I'd hope they have done their sums and looked at orders under/over £100, then applied some assumption of the number of orders they will lose because of this, and they still make profit.

I'm going to make a prediction. The delivery charge will be removed down to £20 ish within 6 months, but their small item product prices will rise by c 20%.


----------



## Soltydog (30 Dec 2014)

I bought a few things from them in early December & free delivery was on orders over £50, but my last order I noticed it was £100 for free delivery. At £50 i could always find something to add to my basket to get free delivery, but my last order I just stuck with what I wanted rather than looking for other stuff to add to get free delivery, so maybe they will lose some sales this way? 
Some stuff they sell so cheap the delivery charge will still make it worthwhile.


----------



## screenman (30 Dec 2014)

So stuff they sell so cheap they may not have the margin to cover postage any more.

I use RM for most of the items I send out, I have to charge extra for signed for which some people object to. Unfortunately this come about after some people received goods then denied it.


----------



## Levo-Lon (30 Dec 2014)

You could also use thr LBS? Now theres a thought..it might stay open instead of having its throat cut..

I buy off the net and yes free post always sounds good but you are paying for post..but theres something nice about buying at the till..we do need to help our bike shops.


----------



## Soltydog (30 Dec 2014)

meta lon said:


> You could also use thr LBS? Now theres a thought..it might stay open instead of having its throat cut..

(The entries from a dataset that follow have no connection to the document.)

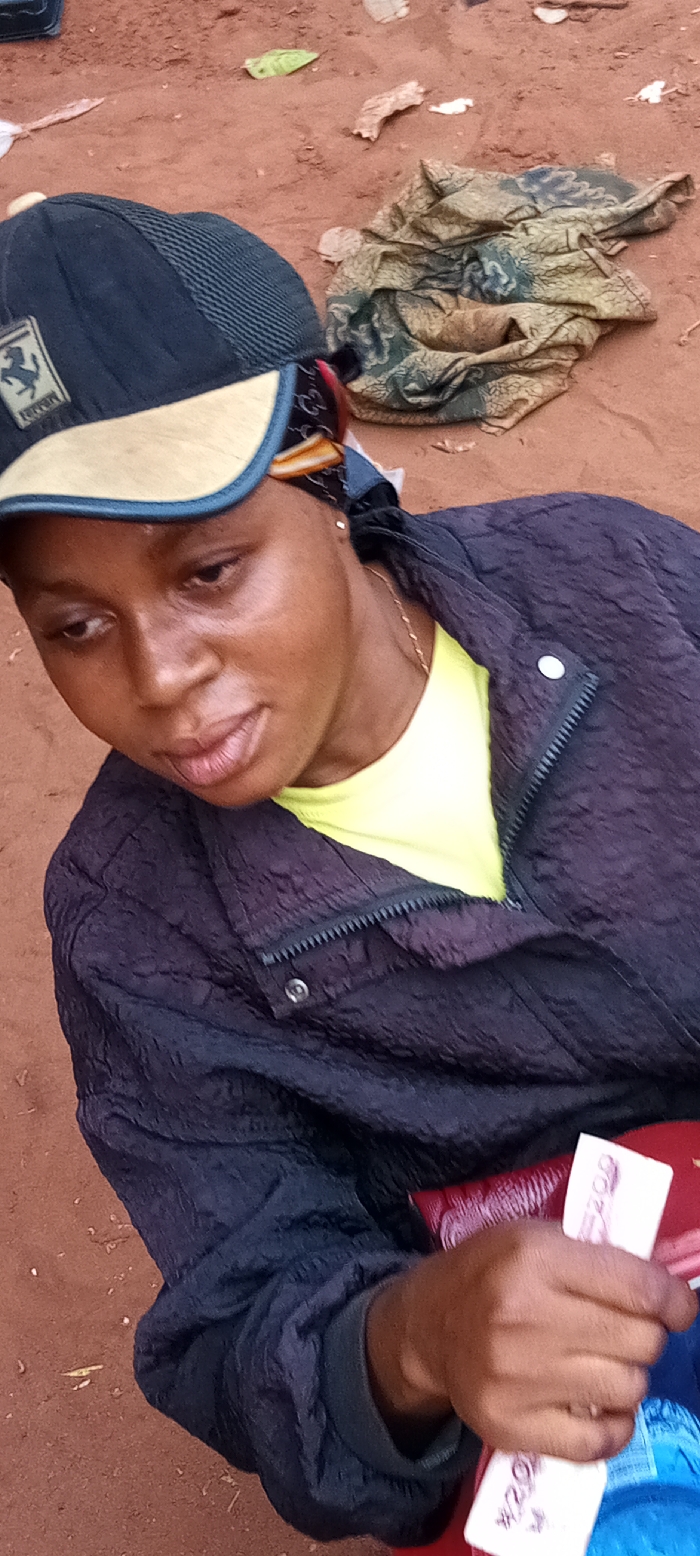 The image depicts an adult female in the city of Unknown, Unknown, viewed from a slightly elevated perspective. She wears a dark blue baseball cap with a beige brim featuring a green Ferrari logo, a multi-colored patterned headscarf, a bright yellow t-shirt, and a dark blue textured jacket with a zipper and snap closure. A thin gold-colored chain is visible around her neck, and a small stud earring is in her right ear. Her gaze is directed downwards and to her left. Her right hand, positioned in the lower right portion of the frame, firmly holds two light-colored banknotes, identifiable as NGN 200 denominations, over a red object. The immediate background and ground surface consist of reddish-brown earth, scattered with a crumpled piece of patterned greenish-brown and blue fabric, a light green leaf, and several small, irregular fragments of light-colored debris.
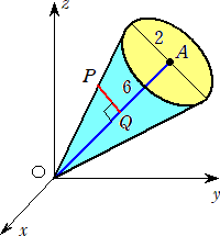 問題 Cを底面が半径2の円で高さが6の直円錐とし、これをxyz空間に頂点が原点Oで底
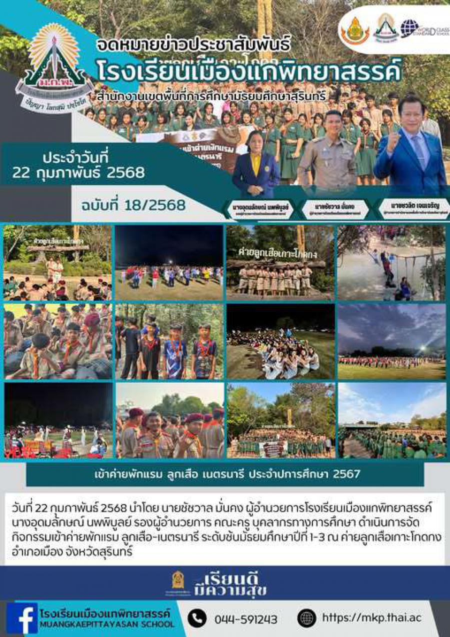 วันที่ 22 กุมภาพันธ์ 2568 นำโดย นายชัชวาล มั่นคง ผู้อำนวยการโรงเรียนเมืองแกพิทยาสรรค์ นางอุดมลักษณ์ นพพิบูลย์ รองผู้อำนวยการ คณะครู บุคลากรทางการศึกษา ดำเนินการจัดกิจกรรมเข้าค่ายพักแรม ลูกเสือ-เนตรนา

All well & good if you have a LBS. But the nearest good bike shop to me is 15 miles away


----------



## screenman (30 Dec 2014)

Soltydog said:


> All well & good if you have a LBS. But the nearest good bike shop to me is 15 miles away



Good excuse for a little ride. The one I use is 23 miles away, Barron Cycles a right proper shop lad.


----------



## Soltydog (30 Dec 2014)

screenman said:


> Good excuse for a little ride. The one I use is 23 miles away, Barron Cycles a right proper shop lad.



It is, but depends what you want & it's not particularly nice rides to any of them, Centre of Hull, or Beverley are my nearest & it isn't somewhere I'd cycle for pleasure. I do use 1 or 2 in Hull sometimes if I'm at work, but they seem to have limited stock/product range as opposed to online


----------



## screenman (30 Dec 2014)

Soltydog said:


> It is, but depends what you want & it's not particularly nice rides to any of them, Centre of Hull, or Beverley are my nearest & it isn't somewhere I'd cycle for pleasure. I do use 1 or 2 in Hull sometimes if I'm at work, but they seem to have limited stock/product range as opposed to online



You got some great shops in Hull a good what I call friend owns Kingston Cycles.


----------



## Soltydog (30 Dec 2014)

screenman said:


> You got some great shops in Hull a good what I call friend owns Kingston Cycles.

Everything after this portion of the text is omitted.